December 1st came and I scrolled like normal. I read a few “news” articles and by later the same day, my feed was full of junk, politics and nonsense. Again. I’d seen first hand that clicking on any articles, gave me more of that. By ‘that’, I mean more propaganda. If you don’t think there’s a massive propaganda push, (from both sides) well . . . I’m happy you can still ignore it and will leave it at that.
I backed away again and really didn’t interact again until December 10th. There are necessary business uses for the app, so I opened back up to scrolling occasionally.
All the social media apps give you more of what you interact with. It’s a double edge sword, if you only like content you agree with, you never see another point of view.
Division multiplies, minds become made up even stronger, hate perpetuates.
All that mess, I did not miss. What I did find I was missing. . . my bad attitude. I found myself being generally more upbeat.
It’s like that trashy TV series that may be several seasons long, but it’s really and truly the same predictable plots and protagonists in episode 11 that were in episode 1. You didn’t really miss much content by missing a few episodes!

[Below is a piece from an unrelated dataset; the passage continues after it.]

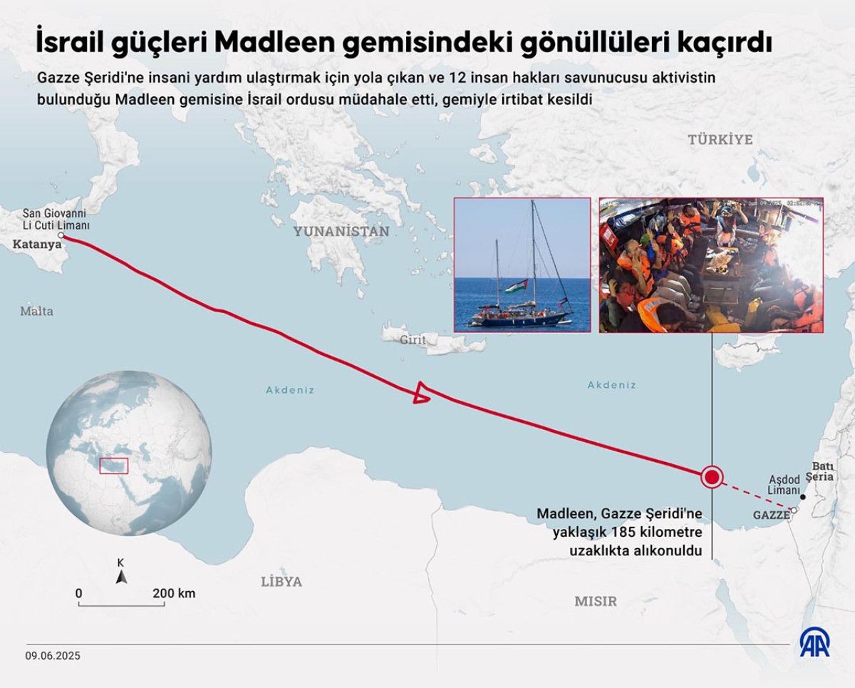 “Özgürlük Filosu Koalisyonu” isimli sivil toplum kuruluşunun Gazze’ye yönelik ablukayı kırıp bölgeye yardım götürme maksadıyla düzenlediği son misyon çerçevesinde 18 metrelik Madleen gemisi, 1 Haziran’da İtalya’nın Katanya kentindeki San Giovanni Li Cuti Limanı’ndan Gazze için yola çıkmıştı.

I’m back on fb, in very limited amounts. My daily usage went from two hours to less than twenty minutes! I will still post things that make me happy, hoping they’ll make someone else smile. I’ve unfollowed those that spew ugliness and hate and will block you in a hot second for political slander.
I like the awesome pet rescue stories, click haha on great memes and love photos of the family and true friends. Those are the things I want to interact with. Give me more of that. To all the things that I want to click wow on, well . . . I learned to just keep on scrolling.
I’d recommend a social media fast to everyone. Getting constant information is bad for your heart? The figurative heart… your soul, your center, your peace.
Take your sanity back by laying your phone down, every chance you get! Scrolling less has become much safer for my sanity!